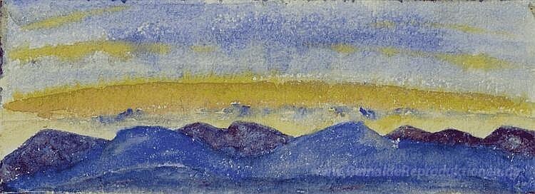 Wir bieten Ihnen eine handgefertigte Reproduktion auf Leinwand des berühmten Kunstwerks 'Gebirgskette bei Sonnenuntergang' von Cuno Amiet, aus dem Reproduktionsmuseum.
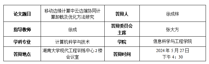 徐成林博士生答辩公告
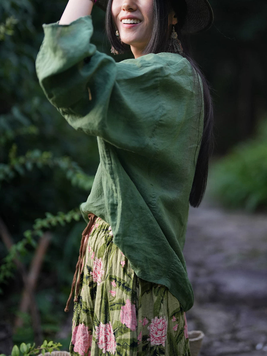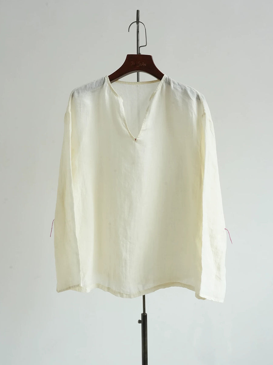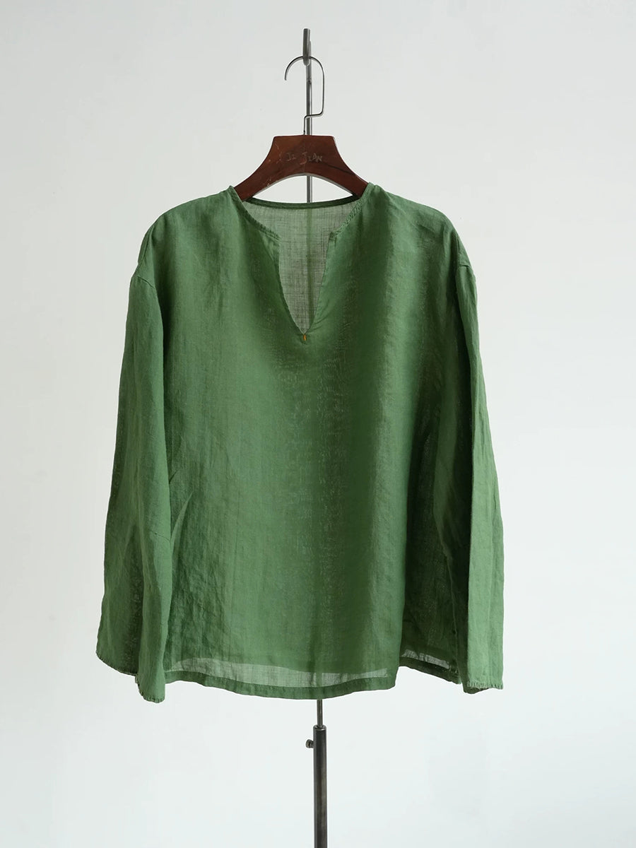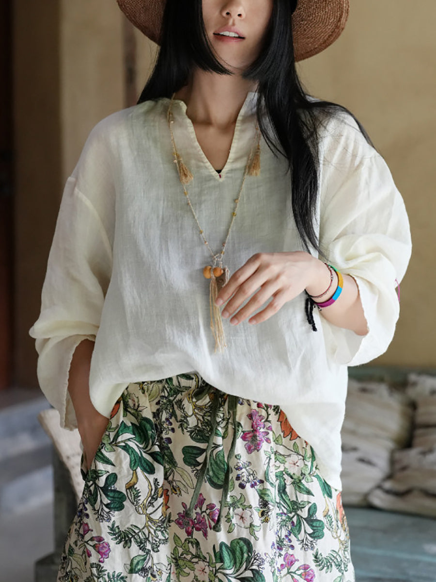 Blusa informal de verano para mujer, color puro, 100 % ramio, con cuello en V
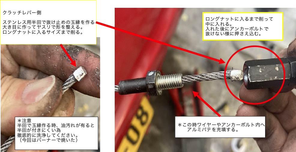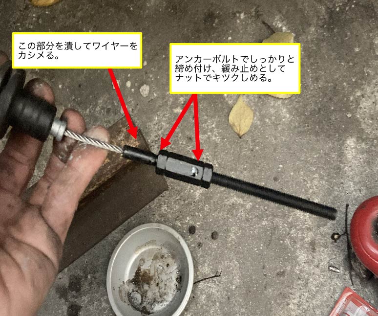 ワイヤーとアジャスタボルト部とをつなぎ合わせる。
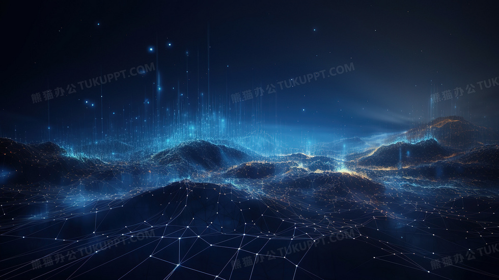 本作品内容为蓝色网状科技感粒子山峰插画, 格式为 jpg, 大小6 MB, 图片尺寸为2912 x 1632, 源文件无水印, 欢迎使用熊猫办公。 如认为平台内容涉嫌侵权,可通过邮件:tousu@tukuppt.com提出书面通知,我们将及时处理。
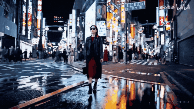 再比如下面生成对比 Sora 演示场景,一位时尚女性走在东京的街道上,街道上到处都是温暖的霓虹灯和动画城市标识。她穿着黑色皮夹克、红色长裙和黑色靴子,手拿黑色手提包。她戴着太阳镜,涂着红色口红。她自信而随意地走着。街道潮湿而反光,五颜六色的灯光营造出镜面效果。许多行人走来走去。
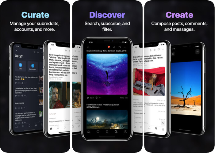 Η εφαρμογή διαθέτει πολλά μοναδικά χαρακτηριστικά όπως η υποστήριξη για πολλαπλούς λογαριασμούς Reddit, την προστασία του κωδικού πρόσβασης, τη λειτουργία νυχτερινής λειτουργίας, τη λειτουργία αναγνώστη για εντυπωσιακή ανάγνωση πλήρους οθόνης, τον Finder Repost, την πλαϊνή μπάρα για φυσική επιλογή των subreddits και πολλά άλλα.
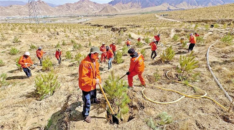圖為4月3日,拉薩市堆龍德慶區(qū)德陽(yáng)村的植樹(shù)造林現(xiàn)場(chǎng)。記者 白瑪澤旺 攝
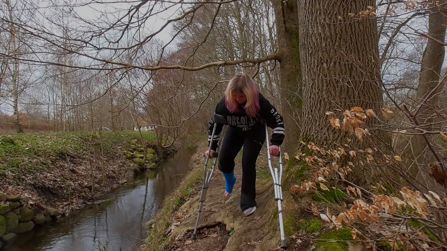 Nathalia is somehow stranded outside of the city right now and is trying to find the best way home. Bad thing is, her right leg is very much broken and casted in a blue SLC. With her American crutches, Nathalia makes her way through dirty roads and across grass, going straight into a woody terrain. She’s exhausted and stops quite often to catch her breathe, hot amazing closeups are coming in continuously throughout the entire clip. She now find herself crutching on a small trail as a water stream shows up, the terrain has gotten pretty rough and challenging. The trail gets more and more narrow to stay on as it shrinks drastically, with uneven muddy ground and big roots growing in the way. Another stream is showing up as well, water on both sides now, yikes! she has to climb and hop over trees today, It looks dangerous! Let’s hope that she doesn’t fall and get caught up in the two streams.

■ YOUR TASK ■
Return exactly the lines above, from the one with "Η εφαρμογή διαθέτει" up to and including the one with "圖為4月3日,拉薩市堆龍德慶區(qū)德陽(yáng)村的植樹(shù)造林現(xiàn)場(chǎng)。記者 白瑪澤旺 攝", and include no pictures.

■ RESULT FOR THIS EXERCISE ■
 Η εφαρμογή διαθέτει πολλά μοναδικά χαρακτηριστικά όπως η υποστήριξη για πολλαπλούς λογαριασμούς Reddit, την προστασία του κωδικού πρόσβασης, τη λειτουργία νυχτερινής λειτουργίας, τη λειτουργία αναγνώστη για εντυπωσιακή ανάγνωση πλήρους οθόνης, τον Finder Repost, την πλαϊνή μπάρα για φυσική επιλογή των subreddits και πολλά άλλα.
圖為4月3日,拉薩市堆龍德慶區(qū)德陽(yáng)村的植樹(shù)造林現(xiàn)場(chǎng)。記者 白瑪澤旺 攝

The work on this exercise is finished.